Dan B. writes "The Guardian has a nice piece wrapping up the trial in Sweden for the co-defendants in the P2P trial-of-the-decade, that of The Pirate Bay. 'Today, the defense lawyers summed up. It was a short trial and not a particularly merry one, but it could have far-reaching effects.' Surprisingly, when the defendants hit the stand they didn't bash copyright or take a libertarian approach; it all came back to the tried and tested formula for criminal defense, 'I am not responsible.'"

4 of 500 comments (clear)

  1. Re:No swaggering... by Vorlath · · Score: 5, Informative

    I heard it was 4 judges and no jury. One presiding judge and 3 others who are laymen. The three will decide the outcome. In case of indecision, then the presiding judge will decide.

    It's both a criminal and civil case all in one.

    And as the Swedes like to mention over and over, this is not the US.

    Also, the prosecution never mentioned any details about the specific persons who committed the original crime that the TPB is supposedly assisting. Without an original crime, you cannot assist it. This is what I'm interested in hearing about with respect to the decision.

  2. Re:No swaggering... by uffe_nordholm · · Score: 5, Informative

    Sweden does not use juries in trials (with one exception: freedom of press). The verdict is decided by a judge and three laymen (ie not necessarily legally schooled people). The laymen usually serve the same court in four years periods, but can be appointed over and over.

    Not using a jury means, mostly, that you don't get the drama/rhetoric content from a US trial, since any experienced layman will quickly see through the drama/rhetoric.

  3. Re:No swaggering... by matoh · · Score: 5, Informative

    Precendent can in Sweden only be set by the Supreme Court.

  4. Re:No swaggering... by Cytotoxic · · Score: 5, Informative

    Libertarians are for Liberty. (cute how the names work out like that) Personal Liberty. What goes along with this idea is things like limits on the power and responsibilities of government. Super simplified - your right to swing your fist ends at my nose.

    Libertarian visions of government get more complicated, as all ideologies do when they meet reality. They range from ideological anarchists to a wing of the (US) conservative republicans to (US) liberal democrats.
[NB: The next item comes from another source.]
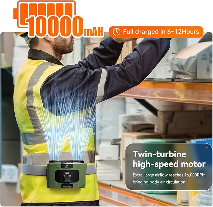 10000mAh Personal Waist Fan, USB Rechargeable Clip The Waist For Working,10 Speed & 40H Cooling and Heatstroke Prevention For Outdoor Travel Camping (K60-green)

    Maybe it is easier to demarcate what they are not. Libertarians are not socialists. They are not Communists. They are not Theocrats (like US republican social conservatives). They are definitely not "Progressives", whatever that means. However, all of these groups have something that they can feel Libertarian about. Conservative Republicans like the small government, hands off ideas. Liberal democrats and Progressives like the social freedoms. They all hate the "let people do stuff that I don't like" part, but that is the foundation of liberty, so Libertarians are relegated to a weird minority (3%) party mostly centered around drug legalization in the minds of the public.

    So, to the question at hand... the Libertarian position on copyright. I think you could start a pretty good fight by lobbing that hand grenade in a room full of Libertarians. Libertarians are definitely for property rights and personal property ownership, which would argue for a perpetual copyright - if you created it, you own it. Libertarians are also definitely for freedom of thought and freedom of ideas. Since the only things that can be copyrighted are fundamentally just expressions of ideas, you could never control, own or limit an idea, or therefore copyright a work.

    So unfortunately no, you cannot look to Libertarian philosophy to give a concrete, iron-clad position on copyright. You'd have to balance competing interests, just as our current copyright laws attempt to do.

    AFAIK the only political philosophy that would lay the matter to rest is communism. Everything belongs to the state, so everything is copyright to the state in perpetuity. Simple.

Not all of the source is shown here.